Technical Foundations
The floor beneath everything else: what AI is, what models do, how software is structured, and the basic language required to follow a technical conversation without being quietly locked out of it.
31 terms
Artificial Intelligence — AI
The broad field of creating computer systems that perform tasks associated with human intelligence.
Artificial intelligence includes systems that perceive, classify, predict, optimize, plan, decide, generate, or act. Generative AI is one branch inside this much larger field.
Fraud detection, route planning, recommendation systems, computer vision, robotics, and text generation can all involve AI.
Generative AI, machine learning, automation
AI does not mean “chatbot,” and it does not always generate content.
Generative AI — GenAI
AI that creates new content.
Generative AI produces outputs such as text, images, audio, video, code, music, or structured data based on patterns learned from training data.
A language model writing an email or an image model creating an illustration.
Artificial Intelligence
Generative AI is not all AI. It is one category within AI.
Machine Learning — ML
A way of building systems that learn patterns from data instead of relying only on hand-written rules.
Machine learning is a branch of AI in which models are trained on examples to make predictions, classifications, decisions, or generated outputs.
Training a spam filter using examples of spam and legitimate email.
Artificial Intelligence, deep learning
Not every AI system uses machine learning, and not every machine-learning system generates content.
Deep Learning
A type of machine learning that uses neural networks with many layers.
Deep learning systems learn complex patterns through layered neural-network architectures and power much of modern speech recognition, computer vision, language modeling, and generative AI.
Modern image recognition and large language models rely heavily on deep learning.
Machine learning
Deep learning is not a synonym for all machine learning.
Algorithm
A defined sequence of steps used to solve a problem or complete a task.
An algorithm is a procedure or set of rules that transforms input into output. It may be simple and hand-written or used as part of a larger AI system.
Sorting a list alphabetically or calculating the shortest route between two points.
Model, program
An algorithm is not automatically AI.
Model
A trained computational system that takes input and produces output.
A model is a learned mathematical representation created through training. Different models may classify, predict, rank, detect, recommend, or generate.
A model that predicts fraud, identifies objects in images, or generates text.
Application, chatbot, agent
A model is not automatically a full product or chatbot.
Training
The process of teaching a model by adjusting it using data.
During training, a model’s internal parameters are updated so it becomes better at a target task or objective.
Showing a model millions of text examples so it learns statistical patterns in language.
Prompting, inference, fine-tuning
Talking to a model in a chat usually does not mean you are training its core weights.
Inference
Using a trained model to produce an answer or prediction.
Inference is the runtime process in which a trained model receives input and calculates an output.
Sending a prompt to a language model and receiving a response.
Training
Inference uses the trained model; it does not usually retrain it.
Large Language Model — LLM
A model trained on large amounts of language data to process and generate text.

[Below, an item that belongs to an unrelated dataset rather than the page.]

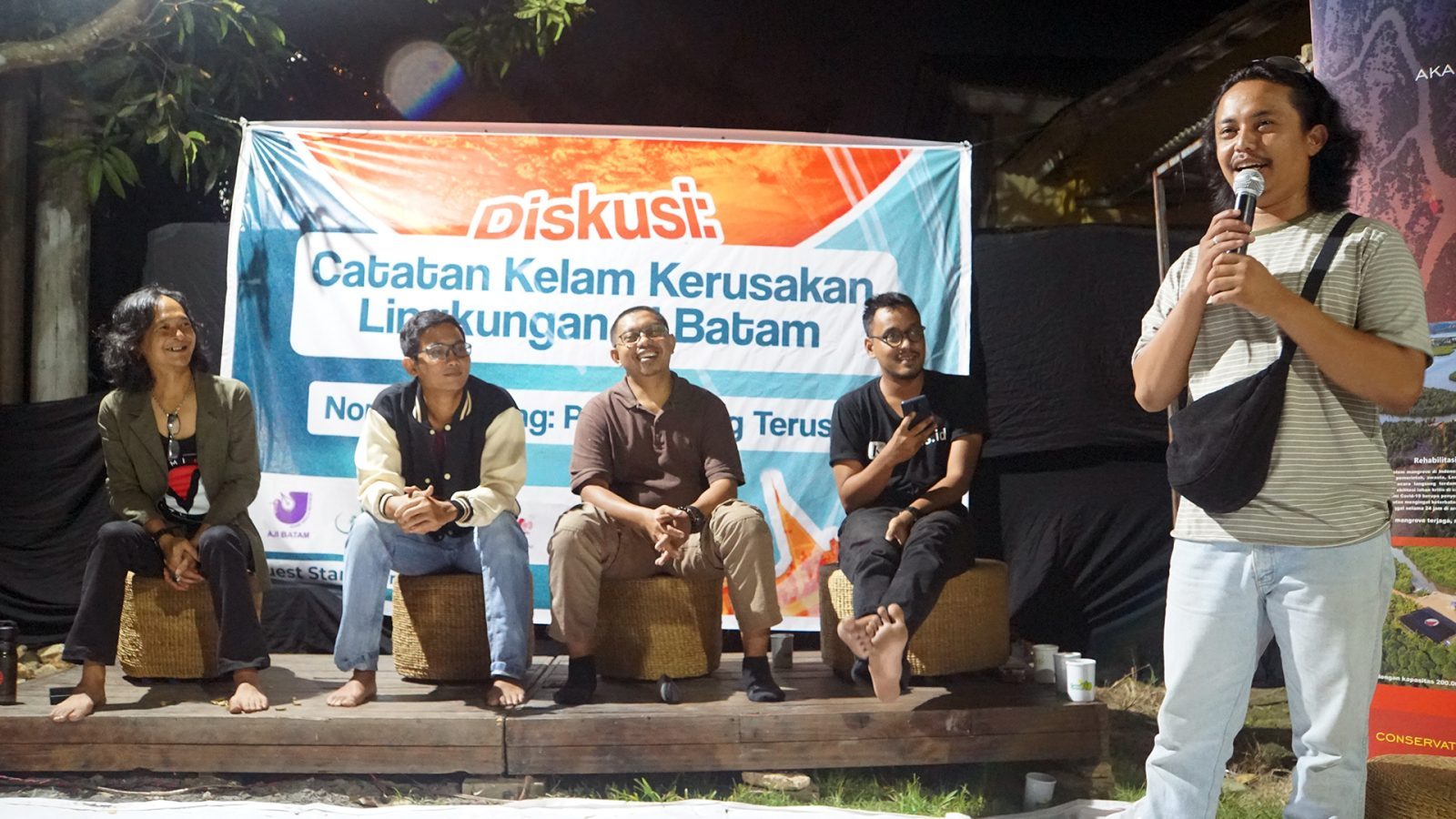 Diskusi dengan tema, “Catatan Kelam Kerusakan Lingkungan di Batam” berlangsung sederhana di halaman Sekretariat AJI Batam. Peserta yang hadir beragam, mulai dari mahasiswa, aktivis, nelayan dan perwakilan pemerintahan. Di lokasi, mereka lesehan sambil menikmati rebusan yang disiapkan oleh panitia.

An LLM is a generative model designed to predict and produce sequences of tokens. It may summarize, translate, generate code, answer questions, or use tools when wrapped in a larger system.
A model that drafts code, explains a document, or participates in a conversation.

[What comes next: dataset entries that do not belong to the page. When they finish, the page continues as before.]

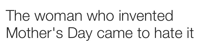 '어머니 날을 만든 그녀, 그 날을 혐오하게 되다' 정도의 뜻인데
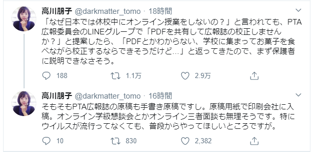 欧米ではオンライン授業始まってるけど日本でできない現状がこういうことなんだけど元PTA副会長目線からみてもほんとこれなので公立はまず無理だろうなぁ
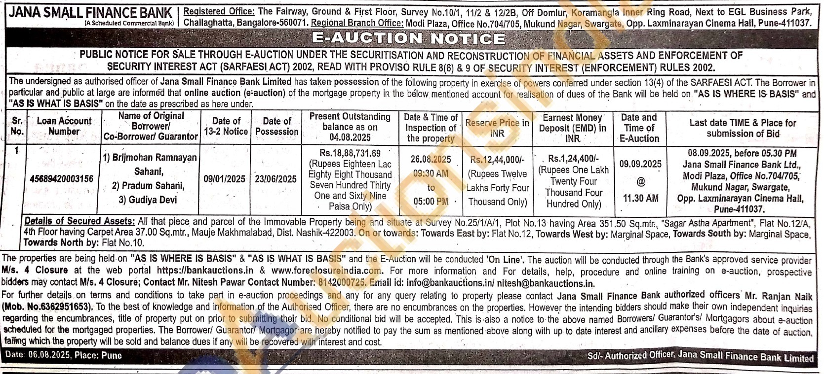 Details of Secured Assets: All that piece and parcel of the Immovable Property being and situate at Survey No.25/1/A/1, Plot No.13 having Area 351.50 Sq.mtn, "Sagar Astha Apartment", Flat No.12/A, 4th Floor having Carpet Area 37.00 Sq.mtr., Mauje Makhmalabad, Dist. Nashik-422003. On or towards: Towards East by: Flat No.12, Towards West by: Marginal Space, Towards South by: Marginal Space, Towards North by: Flat No.10.
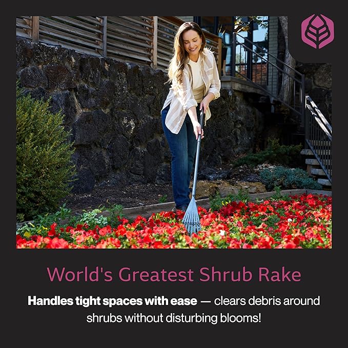Yard Butler World’s Greatest Shrub Rake | Heavy Duty All Steel Rake with Ergonomic Garden Claw, 20 Free-Floating Tines & Long Metal Handle – Lawn, Yard, Bed, Landscape for Leaves, Grass & Debris, 8" -
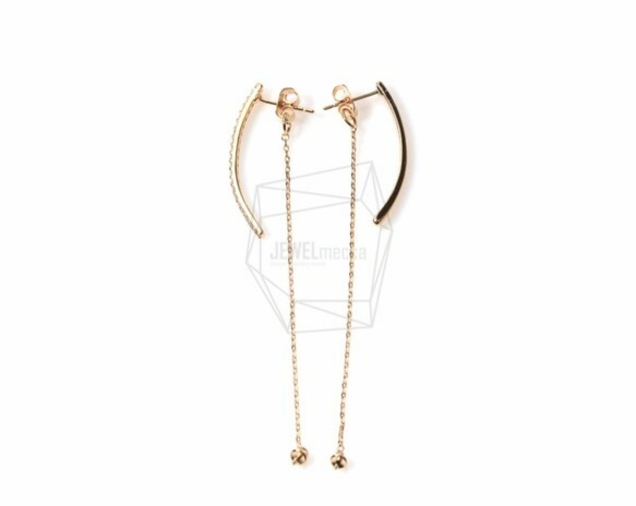 ERG-346-G/2PCS/CZ Bar Earring with Chain Drop Post/75mm x 7mm/Gold Plated over Brass
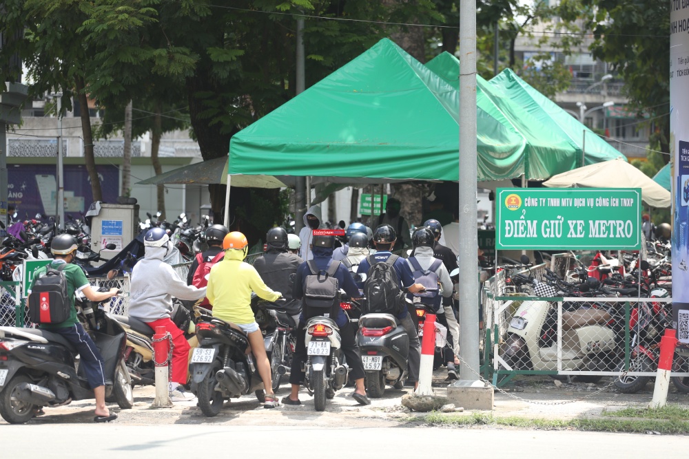 Theo ghi nhận của Kinh tế Sài Gòn Online, tại các nhà ga như Bến Thành, Thủ Đức, Khu Công nghệ cao, Suối Tiên hay Đại học Quốc gia, bãi giữ xe thường xuyên kín chỗ từ rất sớm. Mới khoảng 7 giờ 30, nhiều điểm đã treo bảng thông báo ngừng nhận xe.Tại ga Bến Thành, mỗi buổi sáng, hàng dài xe máy nối đuôi nhau chờ vào bãi giữ.Bảng "ngưng nhận xe" được dựng lên từ rất sớm.Bên trong, bãi xe chật kín, không còn chỗ trống.Nhân viên phải liên tục di chuyển, sắp xếp lại từng chiếc xe để tận dụng tối đa diện tích, nhưng vẫn không thể đáp ứng kịp lượng xe đổ về ngày một nhiều.Tại ga Bình Thái, khu vực giữ xe trong nhà ga đã kín chỗ, nhiều xe buộc phải gửi ở các bãi xe phía xa bên ngoài.Tại ga Đại học Quốc gia, nơi có lượng sinh viên di chuyển lớn mỗi ngày, các bãi giữ xe tại đây cũng rơi vào tình trạng quá tải.Bạn Tú Anh (sinh viên) chia sẻ “Nếu đến sau 8 giờ sáng, gần như không còn chỗ gửi trong bãi của ga Metro Đại học Quốc gia. Những hôm đến sớm thì phải xếp hàng dài, còn trễ thì đành gửi ở ngoài, mà giá thì cao hơn trong bãi rất nhiều”.Một nhân viên tại bãi xe metro cho biết, lượng xe bắt đầu kín chỗ từ khoảng 7 giờ 30. “Từ thời điểm đó, chỉ khi nào có xe ra thì mới cho xe khác vào được”, người này nói. Mức giá giữ xe tại đây do lực lượng Thanh niên xung phong quản lý, hiện là 4.000 đồng/lượt.
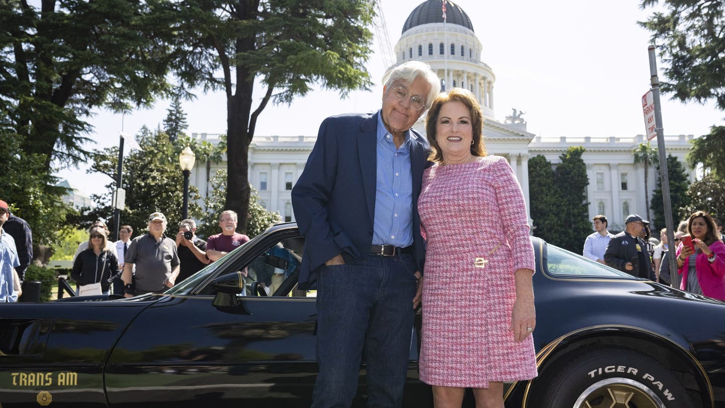 California Republican State Senator Shannon Grove and Jay Leno sail across the California State Capitol in a Pontiac Trans AM of 1976 on April 8, 2025. (California State Senate)

Chatbot, agent, application
An LLM is the model underneath the experience. The app, memory, tools, and interface may be separate systems.
Token
A small unit of text processed by a language model.
Tokens may be whole words, parts of words, punctuation, or other text fragments. Model context and billing are often measured in tokens rather than characters or words.
The word “unbelievable” may be one token or several, depending on the tokenizer.
Word, character
One token does not always equal one word.
Prompt
The input or instructions given to a model.
A prompt can include a question, task, context, examples, formatting requirements, tool instructions, or constraints.
“Summarize this report in five bullet points and preserve all dates.”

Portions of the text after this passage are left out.